» PROBLEM DETAILS
For the entries below, the result should be an exact transcription of the lines from the one with "当访客点击相机租赁系统中导航" up to and including the one with "Coach Russ was", and only those.

» DATA
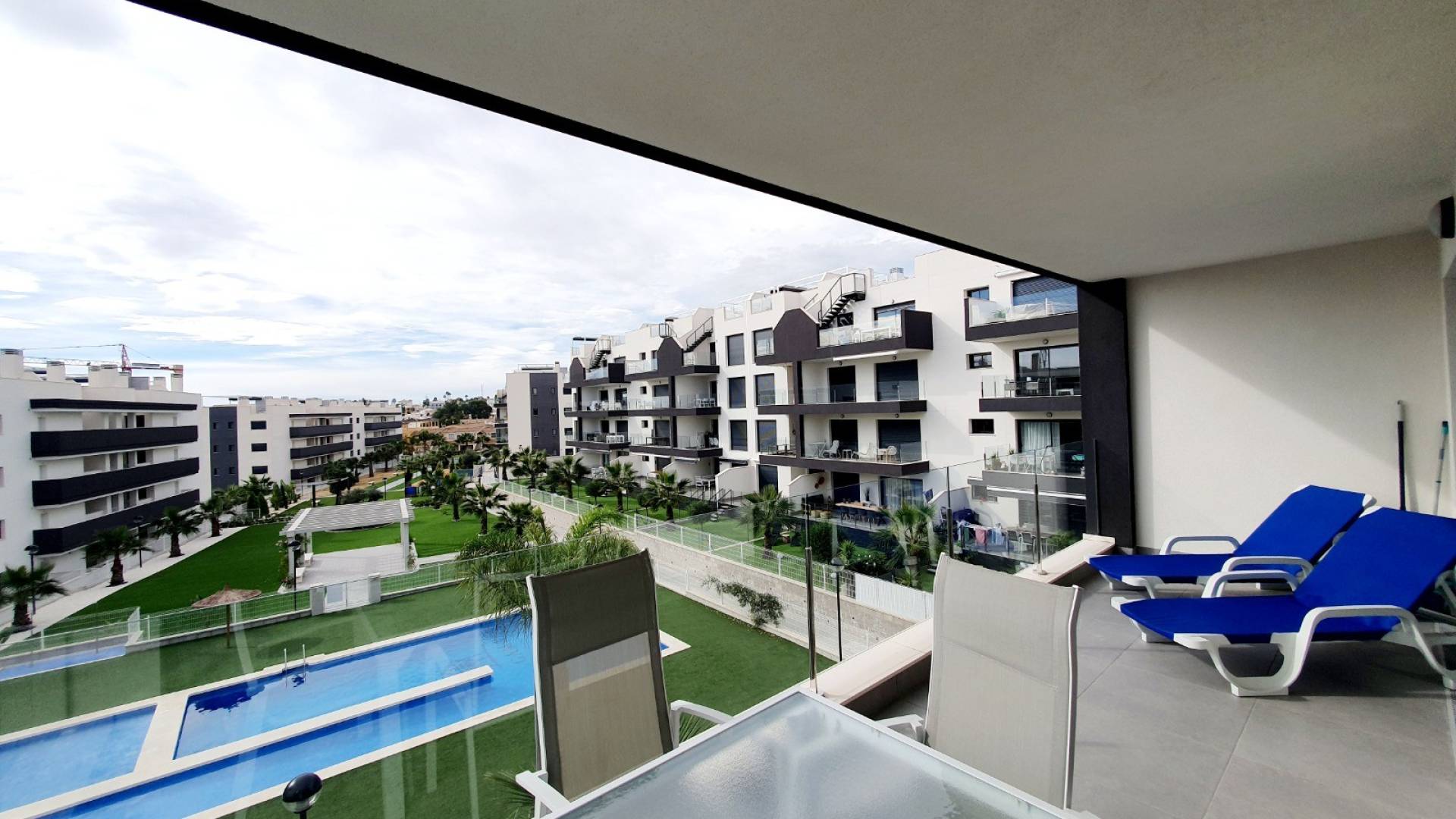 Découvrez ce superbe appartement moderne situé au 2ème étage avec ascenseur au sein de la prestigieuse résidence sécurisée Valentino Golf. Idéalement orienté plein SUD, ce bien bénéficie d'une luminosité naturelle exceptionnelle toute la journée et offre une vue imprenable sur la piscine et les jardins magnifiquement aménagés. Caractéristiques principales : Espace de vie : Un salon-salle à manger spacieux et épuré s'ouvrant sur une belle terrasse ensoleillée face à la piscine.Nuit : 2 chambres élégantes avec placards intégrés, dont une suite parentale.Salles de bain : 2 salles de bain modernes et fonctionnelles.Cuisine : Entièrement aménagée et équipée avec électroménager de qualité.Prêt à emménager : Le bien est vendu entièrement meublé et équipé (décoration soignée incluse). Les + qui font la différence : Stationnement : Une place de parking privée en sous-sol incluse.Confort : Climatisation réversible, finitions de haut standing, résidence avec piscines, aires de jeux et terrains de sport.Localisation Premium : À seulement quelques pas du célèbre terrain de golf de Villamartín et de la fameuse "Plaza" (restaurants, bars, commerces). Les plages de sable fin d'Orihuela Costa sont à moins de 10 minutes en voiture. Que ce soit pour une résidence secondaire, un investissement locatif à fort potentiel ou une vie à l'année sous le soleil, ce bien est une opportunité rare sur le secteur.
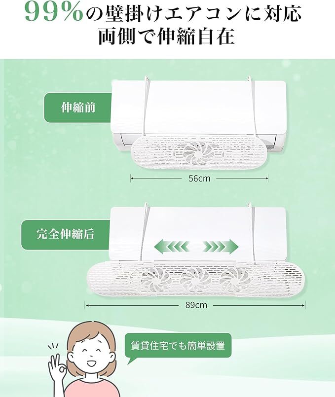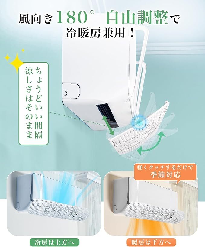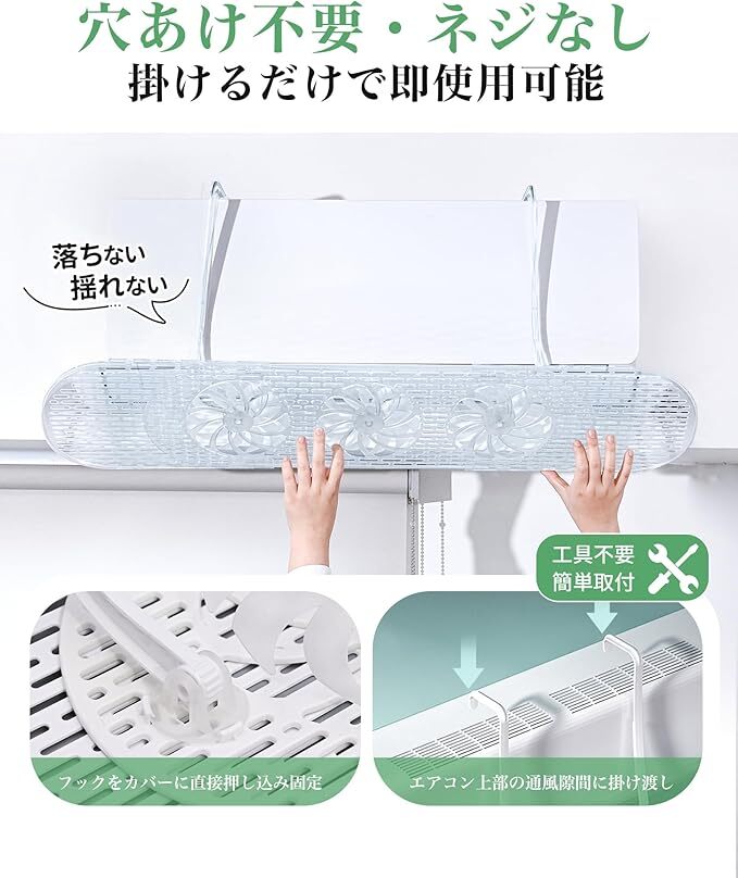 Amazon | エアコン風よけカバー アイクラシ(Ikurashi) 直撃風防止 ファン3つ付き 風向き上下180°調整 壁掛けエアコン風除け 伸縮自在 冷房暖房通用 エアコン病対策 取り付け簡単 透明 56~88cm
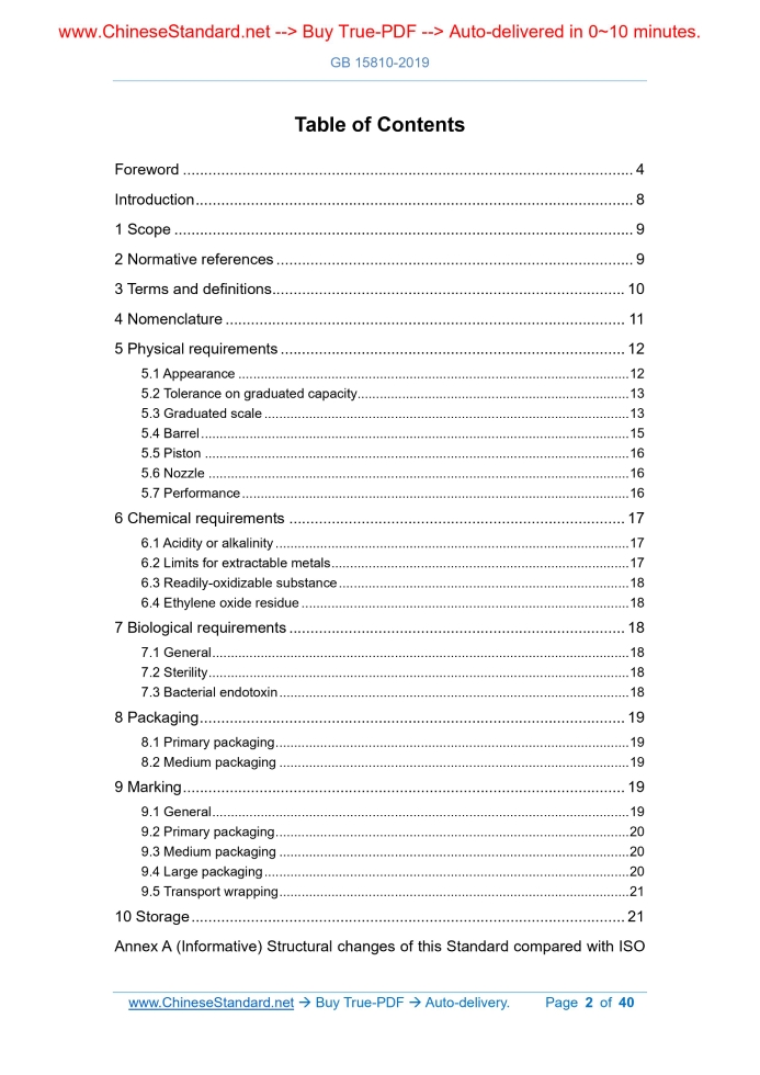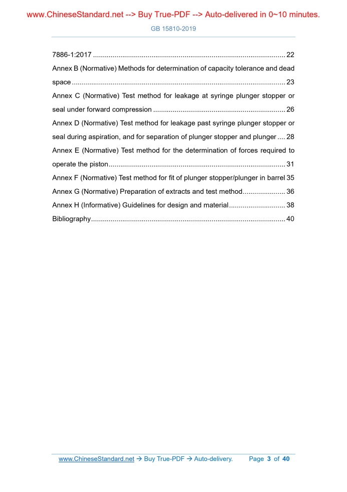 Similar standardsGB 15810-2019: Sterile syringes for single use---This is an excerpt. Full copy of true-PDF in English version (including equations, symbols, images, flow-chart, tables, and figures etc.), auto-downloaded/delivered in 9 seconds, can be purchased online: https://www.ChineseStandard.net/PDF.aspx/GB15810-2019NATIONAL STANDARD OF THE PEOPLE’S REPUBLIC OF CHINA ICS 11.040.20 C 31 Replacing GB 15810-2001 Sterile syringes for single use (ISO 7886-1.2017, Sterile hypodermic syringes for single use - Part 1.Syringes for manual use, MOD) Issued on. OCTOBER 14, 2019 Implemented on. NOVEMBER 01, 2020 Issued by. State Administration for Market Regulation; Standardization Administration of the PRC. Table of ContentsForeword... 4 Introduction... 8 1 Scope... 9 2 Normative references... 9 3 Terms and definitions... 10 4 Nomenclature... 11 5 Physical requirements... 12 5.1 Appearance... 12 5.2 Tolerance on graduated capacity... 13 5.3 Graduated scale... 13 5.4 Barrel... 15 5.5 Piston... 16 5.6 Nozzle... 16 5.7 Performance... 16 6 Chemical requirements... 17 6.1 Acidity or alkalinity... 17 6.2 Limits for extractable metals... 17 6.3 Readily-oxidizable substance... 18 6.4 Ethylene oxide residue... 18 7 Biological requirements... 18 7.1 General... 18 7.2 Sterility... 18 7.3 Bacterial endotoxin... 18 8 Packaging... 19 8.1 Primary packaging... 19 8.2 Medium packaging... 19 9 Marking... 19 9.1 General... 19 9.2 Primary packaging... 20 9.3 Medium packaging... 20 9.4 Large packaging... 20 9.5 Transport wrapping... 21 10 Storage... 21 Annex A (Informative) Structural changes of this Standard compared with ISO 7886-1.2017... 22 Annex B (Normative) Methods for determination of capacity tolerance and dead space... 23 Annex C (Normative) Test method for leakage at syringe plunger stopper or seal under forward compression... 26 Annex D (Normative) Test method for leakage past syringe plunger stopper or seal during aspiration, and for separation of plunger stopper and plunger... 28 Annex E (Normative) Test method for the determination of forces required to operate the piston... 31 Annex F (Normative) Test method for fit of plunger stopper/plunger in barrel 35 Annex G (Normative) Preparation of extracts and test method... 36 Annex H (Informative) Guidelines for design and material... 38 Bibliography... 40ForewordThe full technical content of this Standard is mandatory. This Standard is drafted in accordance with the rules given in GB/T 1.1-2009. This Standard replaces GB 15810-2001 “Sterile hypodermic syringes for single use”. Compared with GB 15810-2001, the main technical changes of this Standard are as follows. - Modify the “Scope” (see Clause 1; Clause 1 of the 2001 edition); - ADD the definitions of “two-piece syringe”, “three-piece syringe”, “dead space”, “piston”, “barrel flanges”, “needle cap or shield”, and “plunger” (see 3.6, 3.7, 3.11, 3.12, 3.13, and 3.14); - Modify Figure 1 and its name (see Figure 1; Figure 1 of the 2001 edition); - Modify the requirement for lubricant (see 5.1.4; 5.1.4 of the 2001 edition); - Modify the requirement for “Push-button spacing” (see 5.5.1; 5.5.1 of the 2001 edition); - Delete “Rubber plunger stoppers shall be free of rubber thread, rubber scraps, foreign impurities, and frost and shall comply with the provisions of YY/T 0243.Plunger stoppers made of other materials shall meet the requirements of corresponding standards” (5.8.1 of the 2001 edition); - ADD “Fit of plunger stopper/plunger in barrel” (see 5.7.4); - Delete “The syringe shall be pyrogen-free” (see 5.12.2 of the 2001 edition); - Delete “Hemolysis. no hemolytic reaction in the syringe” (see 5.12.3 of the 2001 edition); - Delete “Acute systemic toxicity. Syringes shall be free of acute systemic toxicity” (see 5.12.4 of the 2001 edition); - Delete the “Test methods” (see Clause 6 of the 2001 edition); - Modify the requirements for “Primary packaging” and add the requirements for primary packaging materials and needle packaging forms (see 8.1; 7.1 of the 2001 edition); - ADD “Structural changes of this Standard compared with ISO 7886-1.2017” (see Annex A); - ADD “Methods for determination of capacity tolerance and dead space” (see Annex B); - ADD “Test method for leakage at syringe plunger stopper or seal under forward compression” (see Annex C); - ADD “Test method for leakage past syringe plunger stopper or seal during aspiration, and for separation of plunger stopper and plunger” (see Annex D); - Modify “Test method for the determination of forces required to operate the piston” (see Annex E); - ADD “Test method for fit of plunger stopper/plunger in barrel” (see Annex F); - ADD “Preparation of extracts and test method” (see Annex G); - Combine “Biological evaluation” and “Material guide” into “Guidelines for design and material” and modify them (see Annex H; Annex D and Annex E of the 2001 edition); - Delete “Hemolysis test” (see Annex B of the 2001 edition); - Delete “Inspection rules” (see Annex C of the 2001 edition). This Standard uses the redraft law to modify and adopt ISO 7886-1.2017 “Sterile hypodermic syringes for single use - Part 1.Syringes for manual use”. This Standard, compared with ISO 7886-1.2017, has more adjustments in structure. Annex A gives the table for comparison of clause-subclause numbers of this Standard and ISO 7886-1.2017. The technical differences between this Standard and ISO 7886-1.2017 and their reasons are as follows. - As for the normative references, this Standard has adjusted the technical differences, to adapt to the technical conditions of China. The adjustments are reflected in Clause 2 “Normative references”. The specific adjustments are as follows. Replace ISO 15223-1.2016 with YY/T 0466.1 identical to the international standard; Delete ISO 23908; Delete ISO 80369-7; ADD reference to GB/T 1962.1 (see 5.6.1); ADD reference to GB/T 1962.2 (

---

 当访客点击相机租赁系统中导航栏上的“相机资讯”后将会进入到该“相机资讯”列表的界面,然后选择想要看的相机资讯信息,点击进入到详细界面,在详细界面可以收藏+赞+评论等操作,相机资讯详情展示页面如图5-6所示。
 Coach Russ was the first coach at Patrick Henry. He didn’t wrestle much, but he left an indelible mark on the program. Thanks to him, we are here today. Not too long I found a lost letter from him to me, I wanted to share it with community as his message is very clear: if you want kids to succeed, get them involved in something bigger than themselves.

» ANSWER TO THIS PROBLEM
 当访客点击相机租赁系统中导航栏上的“相机资讯”后将会进入到该“相机资讯”列表的界面,然后选择想要看的相机资讯信息,点击进入到详细界面,在详细界面可以收藏+赞+评论等操作,相机资讯详情展示页面如图5-6所示。
 Coach Russ was the first coach at Patrick Henry. He didn’t wrestle much, but he left an indelible mark on the program. Thanks to him, we are here today. Not too long I found a lost letter from him to me, I wanted to share it with community as his message is very clear: if you want kids to succeed, get them involved in something bigger than themselves.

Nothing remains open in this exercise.